Content starts

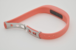 Bluetoothチップは低消費電力のBluetooth Low Energy(BLE)をサポートするほか、BLEに対応しないスマートフォンとの組み合わせでも使えるよう、従来版のBluetoothにも対応している。リストバンド側で蓄積したログデータは端末本体の転送ボタンを押してスマートフォンに送信する仕様だ。
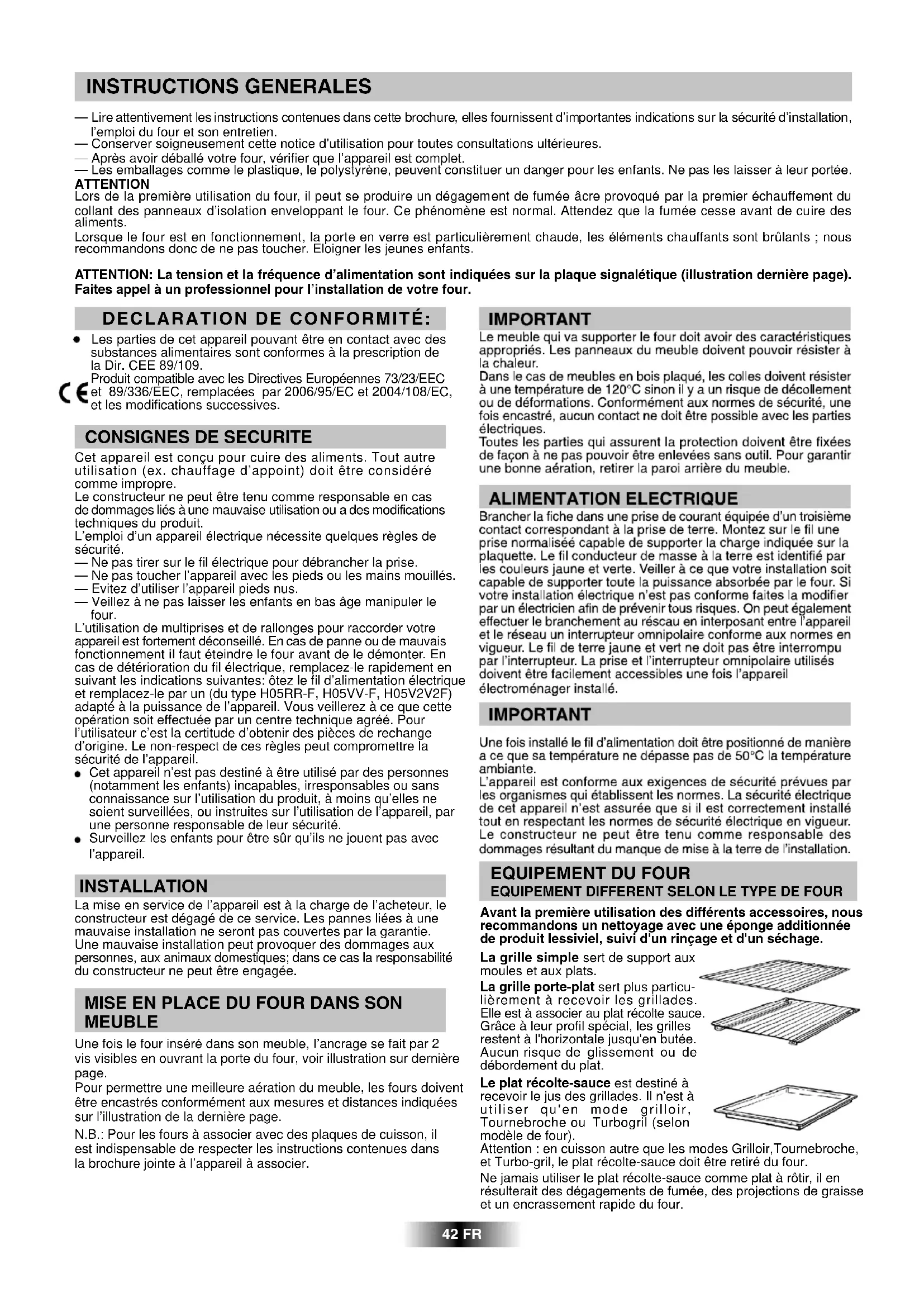 Cet appareil est conçu pour cuire des aliments. Tout autre utilisation (ex. chauffage d’appoint) doit être considéré comme impropre. Le constructeur ne peut être tenu comme responsable en cas de dommages liés à une mauvaise utilisation ou a des modifications techniques du produit. L’emploi d’un appareil électrique nécessite quelques règles de sécurité. — Ne pas tirer sur le fil électrique pour débrancher la prise. — Ne pas toucher l’appareil avec les pieds ou les mains mouillés. — Evitez d’utiliser l’appareil pieds nus. — Veillez à ne pas laisser les enfants en bas âge manipuler le four. L’utilisation de multiprises et de rallonges pour raccorder votre appareil est fortement déconseillé. En cas de panne ou de mauvais fonctionnement il faut éteindre le four avant de le démonter. En cas de détérioration du fil électrique, remplacez-le rapidement en suivant les indications suivantes: ôtez le fil d’alimentation électrique et remplacez-le par un (du type H05RR-F, H05VV-F, H05V2V2F) adapté à la puissance de l’appareil. Vous veillerez à ce que cette opération soit effectuée par un centre technique agréé. Pour l’utilisateur c’est la certitude d’obtenir des pièces de rechange d’origine. Le non-respect de ces règles peut compromettre la sécurité de l’appareil. Cet appareil n’est pas destiné à être utilisé par des personnes (notamment les enfants) incapables, irresponsables ou sans connaissance sur l’utilisation du produit, à moins qu’elles ne soient surveillées, ou instruites sur l’utilisation de l’appareil, par une personne responsable de leur sécurité. Surveillez les enfants pour être sûr qu’ils ne jouent pas avec l’appareil. INSTALLATION La mise en service de l’appareil est à la charge de l’acheteur, le constructeur est dégagé de ce service. Les pannes liées à une mauvaise installation ne seront pas couvertes par la garantie. Une mauvaise installation peut provoquer des dommages aux personnes, aux animaux domestiques; dans ce cas la responsabilité du constructeur ne peut être engagée. MISE EN PLACE DU FOUR DANS SON MEUBLE Une fois le four inséré dans son meuble, I’ancrage se fait par 2 vis visibles en ouvrant la porte du four, voir illustration sur dernière page. Pour permettre une meilleure aération du meuble, les fours doivent être encastrés conformément aux mesures et distances indiquées sur l’illustration de la dernière page. N.B.: Pour les fours à associer avec des plaques de cuisson, il est indispensable de respecter les instructions contenues dans la brochure jointe à l’appareil à associer. 42 FR
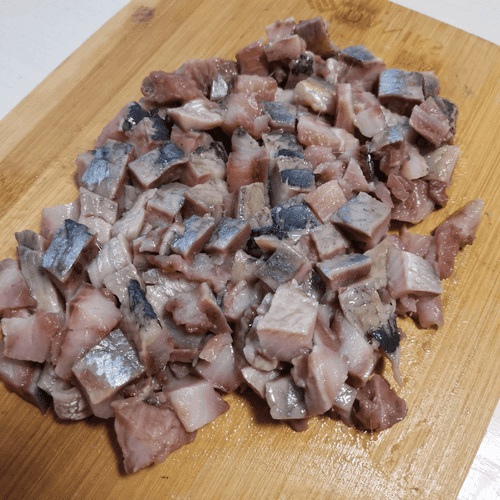 Первым слоем в глубокую тарелку выложить кусочки сельди.
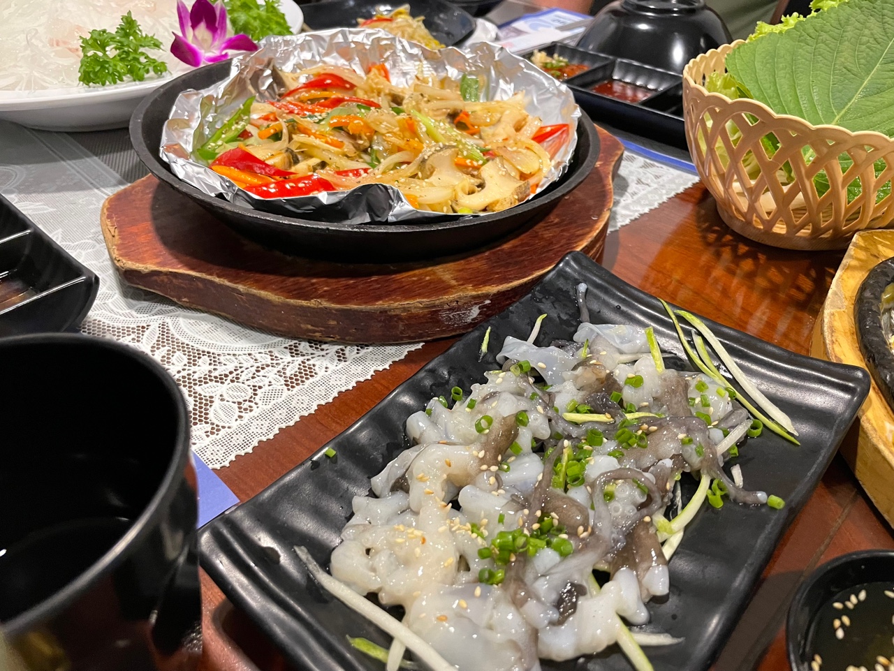 뒤이어서 광어회가 나왔는데, 베트남에서 광어회를 보고는 반가워서 "베트남에서도 광어가 잡히나요?"라고 물어보았다.
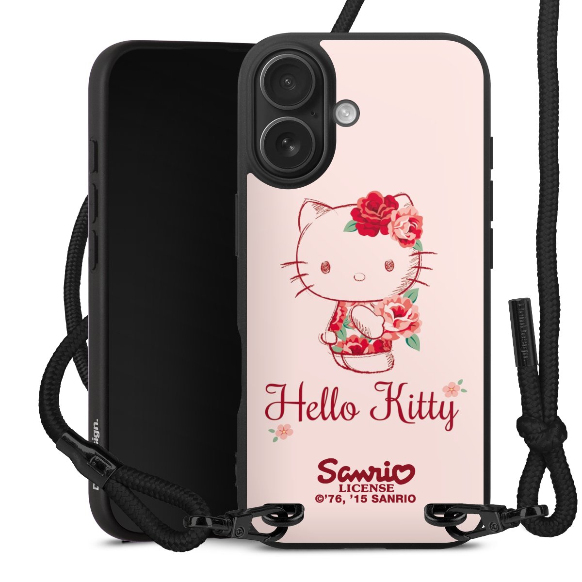 Pure Black: Handyhülle, Stoffband und Metalldetails in stylischem Mattschwarz.

Content ends

§ **Problem requirements**: Your reply must match the data above line for line, except that it holds no pictures.

§ **Output below**:
 Bluetoothチップは低消費電力のBluetooth Low Energy(BLE)をサポートするほか、BLEに対応しないスマートフォンとの組み合わせでも使えるよう、従来版のBluetoothにも対応している。リストバンド側で蓄積したログデータは端末本体の転送ボタンを押してスマートフォンに送信する仕様だ。
 Cet appareil est conçu pour cuire des aliments. Tout autre utilisation (ex. chauffage d’appoint) doit être considéré comme impropre. Le constructeur ne peut être tenu comme responsable en cas de dommages liés à une mauvaise utilisation ou a des modifications techniques du produit. L’emploi d’un appareil électrique nécessite quelques règles de sécurité. — Ne pas tirer sur le fil électrique pour débrancher la prise. — Ne pas toucher l’appareil avec les pieds ou les mains mouillés. — Evitez d’utiliser l’appareil pieds nus. — Veillez à ne pas laisser les enfants en bas âge manipuler le four. L’utilisation de multiprises et de rallonges pour raccorder votre appareil est fortement déconseillé. En cas de panne ou de mauvais fonctionnement il faut éteindre le four avant de le démonter. En cas de détérioration du fil électrique, remplacez-le rapidement en suivant les indications suivantes: ôtez le fil d’alimentation électrique et remplacez-le par un (du type H05RR-F, H05VV-F, H05V2V2F) adapté à la puissance de l’appareil. Vous veillerez à ce que cette opération soit effectuée par un centre technique agréé. Pour l’utilisateur c’est la certitude d’obtenir des pièces de rechange d’origine. Le non-respect de ces règles peut compromettre la sécurité de l’appareil. Cet appareil n’est pas destiné à être utilisé par des personnes (notamment les enfants) incapables, irresponsables ou sans connaissance sur l’utilisation du produit, à moins qu’elles ne soient surveillées, ou instruites sur l’utilisation de l’appareil, par une personne responsable de leur sécurité. Surveillez les enfants pour être sûr qu’ils ne jouent pas avec l’appareil. INSTALLATION La mise en service de l’appareil est à la charge de l’acheteur, le constructeur est dégagé de ce service. Les pannes liées à une mauvaise installation ne seront pas couvertes par la garantie. Une mauvaise installation peut provoquer des dommages aux personnes, aux animaux domestiques; dans ce cas la responsabilité du constructeur ne peut être engagée. MISE EN PLACE DU FOUR DANS SON MEUBLE Une fois le four inséré dans son meuble, I’ancrage se fait par 2 vis visibles en ouvrant la porte du four, voir illustration sur dernière page. Pour permettre une meilleure aération du meuble, les fours doivent être encastrés conformément aux mesures et distances indiquées sur l’illustration de la dernière page. N.B.: Pour les fours à associer avec des plaques de cuisson, il est indispensable de respecter les instructions contenues dans la brochure jointe à l’appareil à associer. 42 FR
 Первым слоем в глубокую тарелку выложить кусочки сельди.
 뒤이어서 광어회가 나왔는데, 베트남에서 광어회를 보고는 반가워서 "베트남에서도 광어가 잡히나요?"라고 물어보았다.
 Pure Black: Handyhülle, Stoffband und Metalldetails in stylischem Mattschwarz.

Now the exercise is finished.